We notice that the points plotted
approximately follow a straight line and that this straight line has a positive
slope. It slopes upward. Since this line slopes upwards, we
can say that the two variables 𝑥 and 𝑦 must have positive correlation. Now, we also assumed that this was
positive linear correlation, but that might not be the case. We only know that the higher the
number of hours, the higher the salary, which means that this is an example of
positive correlation.
Now, in this example, we modeled
our data points as lying very closely to some straight line. The distance that the data points
actually lie relative to a line of best fit describes the strength of the
correlation. For instance, suppose we’re
interested in positive linear correlation. If all the points lie very close to
the line of best fit, as in this example, we can say that’s an example of strong
correlation. If, however, the points are quite
far away from the line of best fit, as in this example, then we say that there is
weak correlation. Of course eventually this weak
correlation turns into no correlation as the points get further and further away
from one another. With this in mind, let’s determine
the strength of correlation in our next example.
State which of the scatter diagrams
shows bivariate data with a stronger correlation.

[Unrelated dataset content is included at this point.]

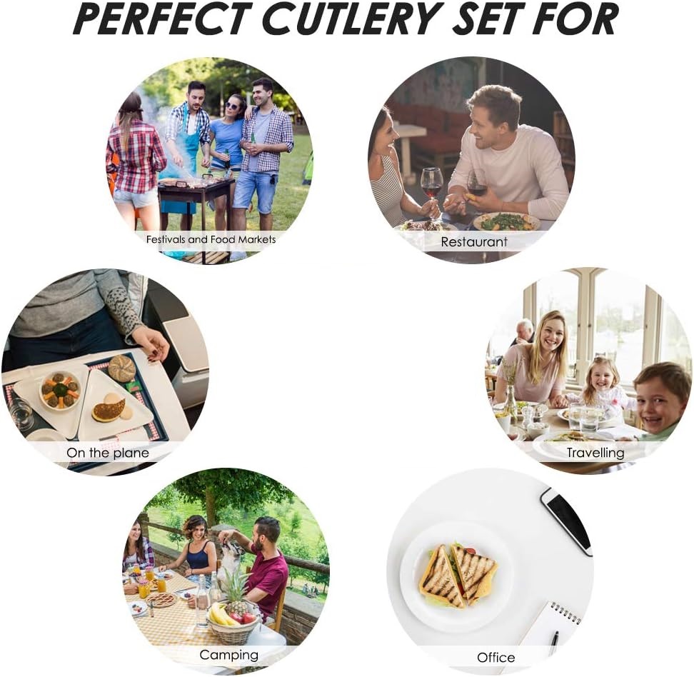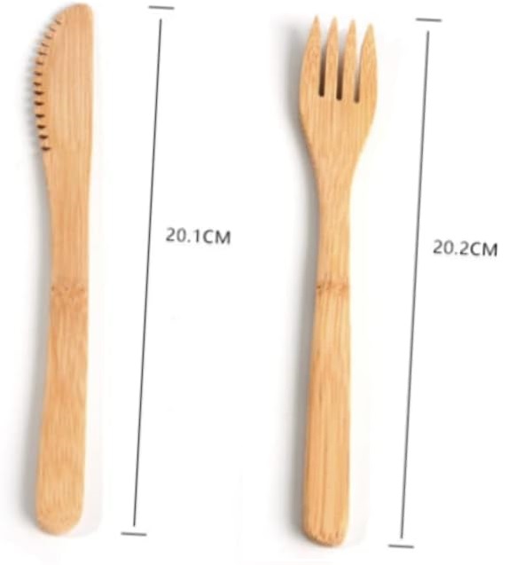 Ensemble de couverts en bambou poli. Incluant une fourchette, une cuillère, un couteau, une paille eu une goupillon de nettoyage.

And then there are two diagrams to
choose from. Remember, when we think about the
strength of a correlation, we’re determining how close the points are to a line of
best fit. The closer the points are, the
stronger the correlation. So, it makes sense to begin by
drawing the line of best fit on both of our diagrams. The line of best fit on diagram one
might look a little something like this. The points approximately follow a
straight line, so there is linear correlation here. Specifically, as the 𝑥-variables
increase, so do the 𝑦. So, we can say that 𝑥 and 𝑦 are
positively linearly correlated.
In diagram two, our line of best
fit looks quite similar. But we notice that all of the
points are a little bit further away from the line itself. This means in diagram two, the
correlation is less strong. We might say it’s weak. And so the answer is diagram
one. The scatter diagram one shows
bivariate data with a stronger correlation.
We’ve now looked at how two
different variables can be related and what it means for them to have a linear or
nonlinear relationship. We’ve considered how to describe
the relationship between variables in terms of positive, negative, or no
correlation. And we’ve looked at how strongly
correlated variables are based on how close they are to a line of best fit. With all this in mind, let’s recap
the key points from this lesson.
In this video, we learned that if
two variables follow a trend of some description, they’re said to be correlated. If we model these points on a
scatter diagram and they appear to follow approximately a straight line, then linear
correlation exists. Then, if the line of best fit
constructed appears to slope upwards, in other words, its slope is positive, then
they have positive correlation. And if that line of best fit slopes
downwards, if it has negative slope, then those variables are said to be negatively
correlated. Now, if neither of these is true,
in other words, if a line of best fit cannot be constructed, then we said that there
was no correlation. Finally, we saw that we can
determine the strength of the correlation by considering how close all of the points
lie to the LOBF, the line of best fit.